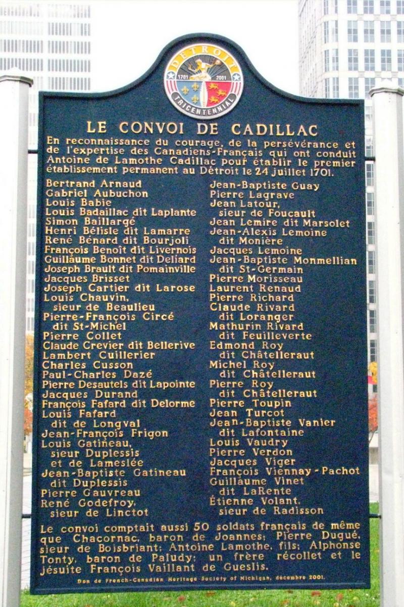 | Home Surname List Name Index Sources Email Us | Eleventh Generation1612. Edmond ROY dit CHÂTELLERAULT was born in 1675 in Canada. On 27 May 1701, he was one of 42 men hired by Sieur Jean Bochard, the chief clerk of the Company of Canada at Montréal, as a voyageur to travel to Détroit. These men traveled with Antoine de Lamothe Cadillac and established the permanent settlement at Détroit. PLAQUE The convoy arrived at their destination on 24 July 1701. According to the contract signed by Edmond Roy, the voyagers were not allowed to trade for profit. Those hired would be fed at the expense of the King "according to the usual custom for voyageurs" and they would be paid for "each year of service beginning the 1st day of June next year...", 300 livres of French money "which totals 400 livres du pays". (Article: "Marché pour le detroit… 27 mai 1701, Adhémar, notaire royal"; Translated by Suzanne Boivin Sommerville; Habitatheritage.org) This seems to indicate that they were paid 100 livres at the onset of their voyage. According to an article by Suzanne Boivin Sommerville entitled "314th Detroit Birthday Post: The Question of Who Was at Détroit when the 1701 Convoy Arrived" (FCHSM Facebook), "Edmond Chastelraut (Roy dit)" was one of the men who traveled to other locations some distance away to trade with the Indians. The men who participated in these extra voyages were paid additional money. However, it is apparent that Roy returned to his family at La Pérade no later than the early months of 1703 because his wife gave birth to their daughter, Marie-Françoise, on 11 November 1703. According to "Cadillac's Village", Edmond Roy dit Chatellereau "agreed to come to Détroit July 28, 1704, as brigadier (foreman of a boat's crew). He was to receive 300 livres for the trip. While he never resided in Détroit, his son Joseph did, and was married here in 1736 to Magdeleine Perthuis" ("Cadillac's Village; Compiled by C. M. Burton, 1896 ... and ... "Engagé Contracts to Détroit 5 April 1721 to 22 May 1731 Part 2"; Diane Wolford Sheppard, FCHSM). 2210 He died before 23 October 1720. On this date, a document was filed regarding the tutorship of his five children. Edmond is listed as deceased. According to Jetté's book ("Dictionnaire généalogique des familles du Québec"), his burial record has not been found but Jetté indicates that Edmond, likely, died at La Pérade. 2939 A tutorship document was filed on on 23 October 1720 regarding the children of the deceased Edmond Roy. Marie Anne JANVIER (JEANVIER) and Edmond ROY dit CHÂTELLERAULT signed a marriage contract on 6 February 1701 in La Pérade (Quebec Province), Canada.2211 They were married on 7 February 1701 in Sainte Anne-de-la-Perade (Québec Province), Canada.1,2212 1613. Marie Anne JANVIER (JEANVIER) was born on 20 April 1682 in Cap-de-la-Madeleine (Québec Province), Canada.1,2213 She was baptized on 26 April 1682 in Cap-de-la-Madeleine (Québec Province), Canada.1,2213 She died on 2 March 1762 at the age of 79 in (Québec Province), Canada.1,2214 Marie was buried on 3 March 1762 in Sainte Anne-de-la-Perade (Québec Province), Canada.1,2214 [Note: Marie Anne was married a 2nd time to Louis Goüin on 5 May 1733 at Sainte Anne-de-la-Perade.] Children were:
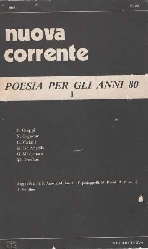 Il testo è tratto da: Nuova Corrente. Poesia per gli anni 80, 1, anno XXIX (1982), a cura di Stefano Verdino, pp. 309-310.
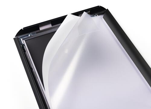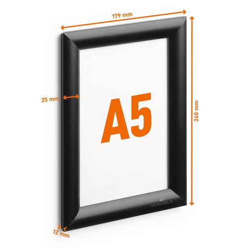Snäppram aluminium a5 svart bidrar till en enklare och mer organiserad arbetsdag. Stadig snäppram av aluminum. Snabbt samt lätt att byta motiv tack vare beprövad snäppöppning samt stängning av sidoprofilerna. Lågreflekterande, uv-beständig frontplast. Slagtålig baksida av polystyren. Gerade hörn

★ ★ ★ ★ ★

_Exercise aim_.
Skipping all images, output the listing exactly.

_Solution to the problem_.
 | Home Surname List Name Index Sources Email Us | Eleventh Generation1612. Edmond ROY dit CHÂTELLERAULT was born in 1675 in Canada. On 27 May 1701, he was one of 42 men hired by Sieur Jean Bochard, the chief clerk of the Company of Canada at Montréal, as a voyageur to travel to Détroit. These men traveled with Antoine de Lamothe Cadillac and established the permanent settlement at Détroit. PLAQUE The convoy arrived at their destination on 24 July 1701. According to the contract signed by Edmond Roy, the voyagers were not allowed to trade for profit. Those hired would be fed at the expense of the King "according to the usual custom for voyageurs" and they would be paid for "each year of service beginning the 1st day of June next year...", 300 livres of French money "which totals 400 livres du pays". (Article: "Marché pour le detroit… 27 mai 1701, Adhémar, notaire royal"; Translated by Suzanne Boivin Sommerville; Habitatheritage.org) This seems to indicate that they were paid 100 livres at the onset of their voyage. According to an article by Suzanne Boivin Sommerville entitled "314th Detroit Birthday Post: The Question of Who Was at Détroit when the 1701 Convoy Arrived" (FCHSM Facebook), "Edmond Chastelraut (Roy dit)" was one of the men who traveled to other locations some distance away to trade with the Indians. The men who participated in these extra voyages were paid additional money. However, it is apparent that Roy returned to his family at La Pérade no later than the early months of 1703 because his wife gave birth to their daughter, Marie-Françoise, on 11 November 1703. According to "Cadillac's Village", Edmond Roy dit Chatellereau "agreed to come to Détroit July 28, 1704, as brigadier (foreman of a boat's crew). He was to receive 300 livres for the trip. While he never resided in Détroit, his son Joseph did, and was married here in 1736 to Magdeleine Perthuis" ("Cadillac's Village; Compiled by C. M. Burton, 1896 ... and ... "Engagé Contracts to Détroit 5 April 1721 to 22 May 1731 Part 2"; Diane Wolford Sheppard, FCHSM). 2210 He died before 23 October 1720. On this date, a document was filed regarding the tutorship of his five children. Edmond is listed as deceased. According to Jetté's book ("Dictionnaire généalogique des familles du Québec"), his burial record has not been found but Jetté indicates that Edmond, likely, died at La Pérade. 2939 A tutorship document was filed on on 23 October 1720 regarding the children of the deceased Edmond Roy. Marie Anne JANVIER (JEANVIER) and Edmond ROY dit CHÂTELLERAULT signed a marriage contract on 6 February 1701 in La Pérade (Quebec Province), Canada.2211 They were married on 7 February 1701 in Sainte Anne-de-la-Perade (Québec Province), Canada.1,2212 1613. Marie Anne JANVIER (JEANVIER) was born on 20 April 1682 in Cap-de-la-Madeleine (Québec Province), Canada.1,2213 She was baptized on 26 April 1682 in Cap-de-la-Madeleine (Québec Province), Canada.1,2213 She died on 2 March 1762 at the age of 79 in (Québec Province), Canada.1,2214 Marie was buried on 3 March 1762 in Sainte Anne-de-la-Perade (Québec Province), Canada.1,2214 [Note: Marie Anne was married a 2nd time to Louis Goüin on 5 May 1733 at Sainte Anne-de-la-Perade.] Children were:
 Il testo è tratto da: Nuova Corrente. Poesia per gli anni 80, 1, anno XXIX (1982), a cura di Stefano Verdino, pp. 309-310.
Snäppram aluminium a5 svart bidrar till en enklare och mer organiserad arbetsdag. Stadig snäppram av aluminum. Snabbt samt lätt att byta motiv tack vare beprövad snäppöppning samt stängning av sidoprofilerna. Lågreflekterande, uv-beständig frontplast. Slagtålig baksida av polystyren. Gerade hörn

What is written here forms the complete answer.